It would seem to me that an integromat webhook (for example) is just open to anyone who knows the URL. I realize it is typically a fairly obscure URL. But, is there a way to secure it such that it only accepts info from Survey123 and avoid someone just submitting junk?
One thought is to look at the headers of the incoming request and filter based on something. Survey123 IP address? I saw some other product that allows you to append an additional item to the outgoing message, basically a "Security Key" that you could then filter against on the processing side (e.g. integromat). Is that something Esri might think about implementing? Letting the user add an extra bit of info on the outgoing message to assure it is a valid message coming in?
Thanks for any thoughts.
Tom S.
Hi Tom,
As Survey123 uses a client Webhooks, it is not possible to secure based on IP address by default (as submissions could come via the cellular network, a coffee shop's wifi, or a home user's wifi). If the webhook author is aware of conditions that would restrict the address (such as they know only valid submissions would originate from the organization's internal network), then a restriction based on IP can be put in place.

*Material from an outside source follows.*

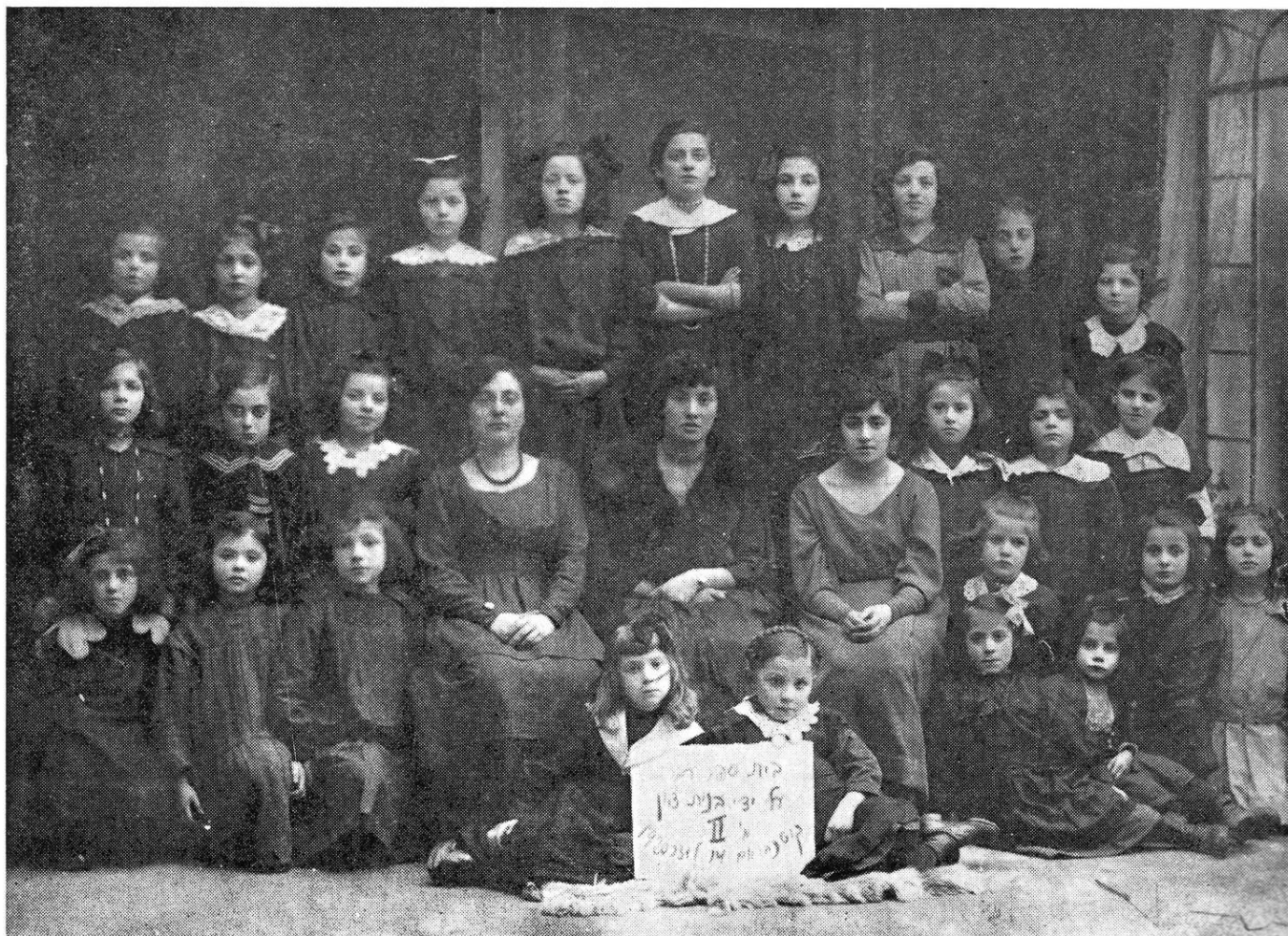
Alumnas de la escuela "Banot Zion" (1920)

It is certainly possible for a form submission to have a question answered that a webhook then filters it's processing on, including not processing records that don't meet a condition after the submission has been received.
Thanks James - I was thinking of something that is set at the Survey Item level, that carries with the survey and thus all records submitted through the survey. Something like an option in the pic below ("Security Key" in picture). That Security Key would be carried along with the survey and when submitted would show up somewhere (header? submitted data?). I think it'd be better to put it here than as a question (hidden or otherwise) in a survey. Just my two cents.
I modeled this idea after what I saw here: Snapcomms Knowledge Base Portal - basically they will send the security key with every webhook submission.
Tom
+1 on Webhook security. Maybe basic/digest auth...
Does filtering based on a predictable answer make a webhook that much more secure, or are there still other vulnerabilities?